■ **Work to be completed**: From the data below, return only the lines from the one with "除減碳外,航運業者認為今年干" through the one with "Çorum’da kontrolden çıkan", exact and inclusive, with pictures left out.

##### Dataset entries #####

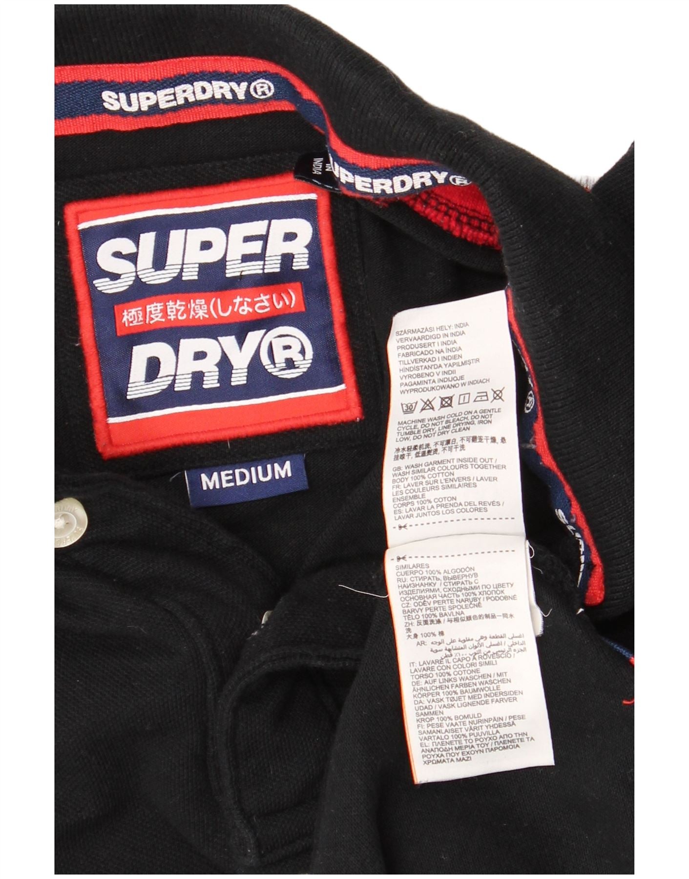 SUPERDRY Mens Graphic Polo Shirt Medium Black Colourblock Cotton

#####
##### Dataset entries #####

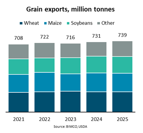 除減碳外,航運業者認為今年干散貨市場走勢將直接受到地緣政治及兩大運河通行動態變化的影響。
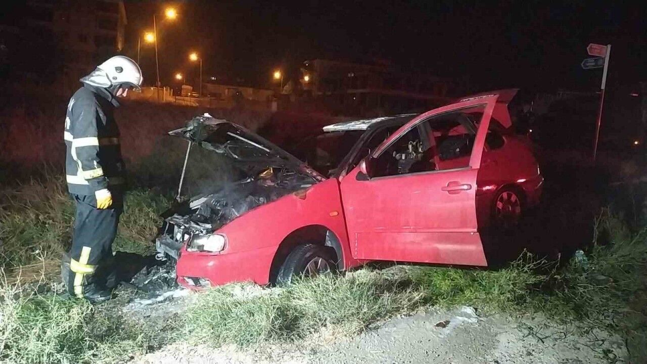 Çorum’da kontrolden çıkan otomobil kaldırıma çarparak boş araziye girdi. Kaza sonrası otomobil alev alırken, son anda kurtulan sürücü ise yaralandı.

#####

■ **Answer below**:
 除減碳外,航運業者認為今年干散貨市場走勢將直接受到地緣政治及兩大運河通行動態變化的影響。
 Çorum’da kontrolden çıkan otomobil kaldırıma çarparak boş araziye girdi. Kaza sonrası otomobil alev alırken, son anda kurtulan sürücü ise yaralandı.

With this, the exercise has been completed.